The Media History Digital Library exists to digitize classic media-related print materials in the public domain. The history of American cinema, broadcasting and recorded sound can be found in the trade magazines and other journals, and this project seeks to make those materials widely available for free. We connect contributors who loan materials from their collections, and generous sponsors who fund the digitization. This is a volunteer-led, non-profit activity.

You can help us place materials online by providing financial support for the digitization of magazines and books. We accept donations of all sizes through PayPal to our General Fund, which goes toward the expenses of digitization, shipping, and web hosting.

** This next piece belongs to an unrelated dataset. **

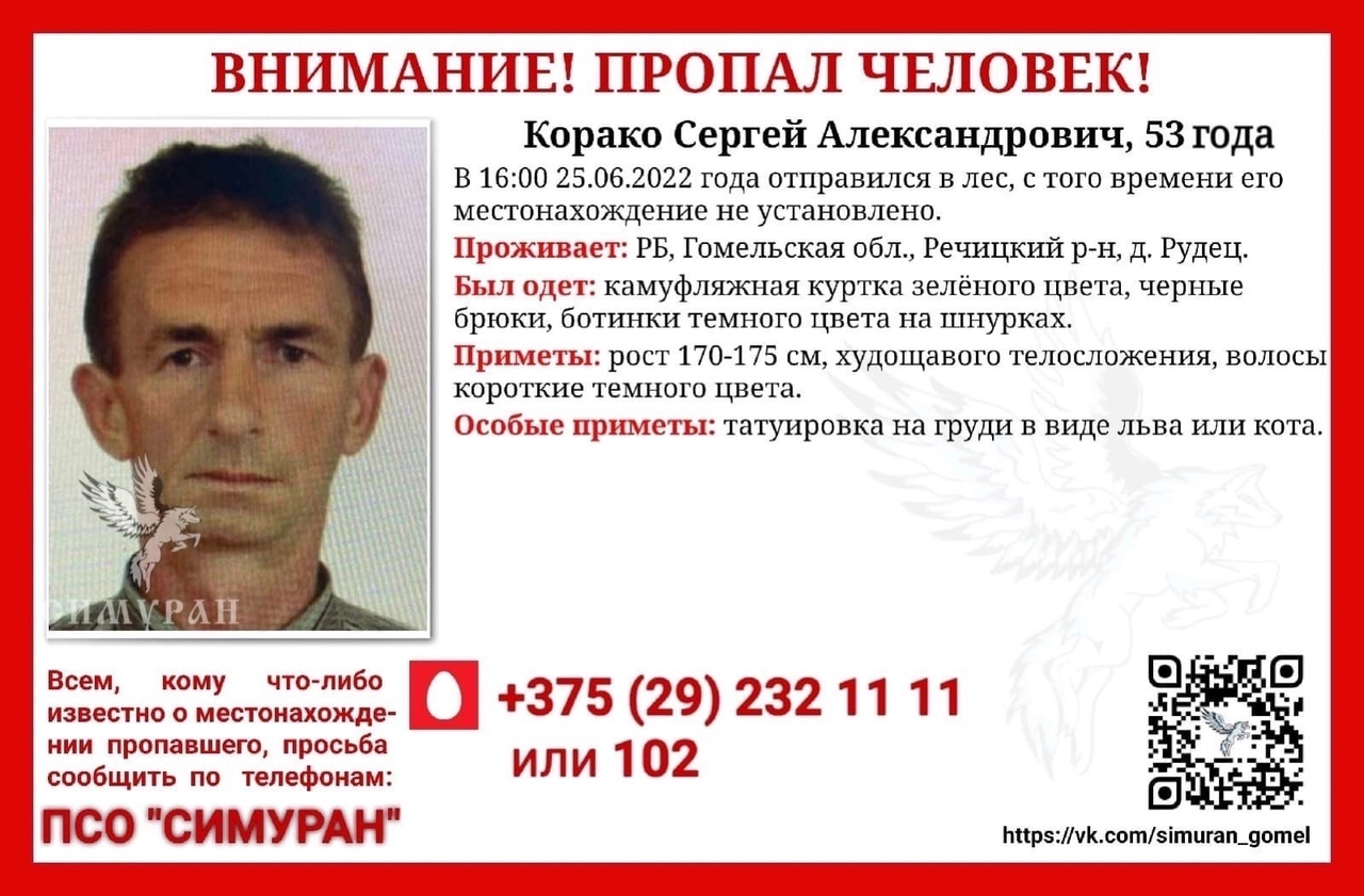 Всех, кто владеет информацией, просим сообщить: ПСО "Симуран" +375(29)232-1111 |

You may sponsor the digitization of particular journal titles and collections through contributions of $1,000 or more. Your name will be credited at the beginning of each scanned volume, and we work with you to select the journal titles that you wish to sponsor. Your $1,000 contribution will support the scanning of 10,000 magazine pages. A $10,000 contribution will pay to scan a decade or more of most publications.

For those at educational institutions or libraries who want to support this work, we can custom scan journals in response to a purchase order and deliver the raw files to your institution, while they are also available online. In effect, you are commissioning the scanning, and acquiring a set of the files.

We estimate that there are at least five million pages of material within our scope. So far we have scanned nearly 20 years each of two major film publications, industry journal The Film Daily, and fan magazine Photoplay along with dozens of volumes of other publications, to show the breadth of content that was published. With the support of Rick Prelinger we are also able to offer access to long runs of Radio Age, Radio Broadcast, Business Screen, The Educational Screen, and Journal of the Society of Motion Picture Engineers.

Among the titles available for sponsorship:

    The Film Daily – all issues from 1936 through 1963 of this important trade magazine
    Motion Picture Daily – this Quigley publication provided details on production and exhibition
    Motion Picture Herald - supporting the small town exhibitor, with extensive local coverage for a national magazine
    Radio Daily – the Radio equivalent of the Film Daily, with comprehensive coverage of the industry
    Cine-Mundial- The Spanish-language film industry trade publication
    Broadcasting – issues from the 1930s cover the development of radio as a commercial medium with nationwide reach
    Exhibitors Trade Review – the film industry as seen by theater owners and their audiences
    Motion Picture News – the best trade publication of the 1920s
    Moving Picture World – we would like to fill the gaps in our collection, especially the early years
    The Hollywood Reporter – lively coverage from the heart of the industry in Los Angeles
    Several publications from the Magic Lantern era that also cover early cinema
    Amateur film publications, including Movie Makers
    Film Daily Year Books – 1923 through 1962
    International Motion Picture Almanac – 1930 through 1963. About 1,000 pages each
    Hollywood Reporter Production Encyclopedia – more volumes from the 1940s
    Misc. 16mm nontheatrical catalogs from the 1930s, 1940s and 1950s
    Non-English language publications that speak to the media marketplace and cultural influence of films and broadcasting abroad

If you would like to sponsor a journal title, or learn more about sponsorship opportunities, please contact us at

Note for sponsors of $1,000 or greater: the entirety of your contributions go to the Internet Archive, a 501c3 non-profit, and are applied to scanning of materials we send to their scanning centers. Your contribution to the Internet Archive will be tax deductible to the extent allowed by law. If you wish to contribute, we will provide you with a letter to accompany your check to the Internet Archive, and you will receive a letter from them which serves as a receipt for tax purposes.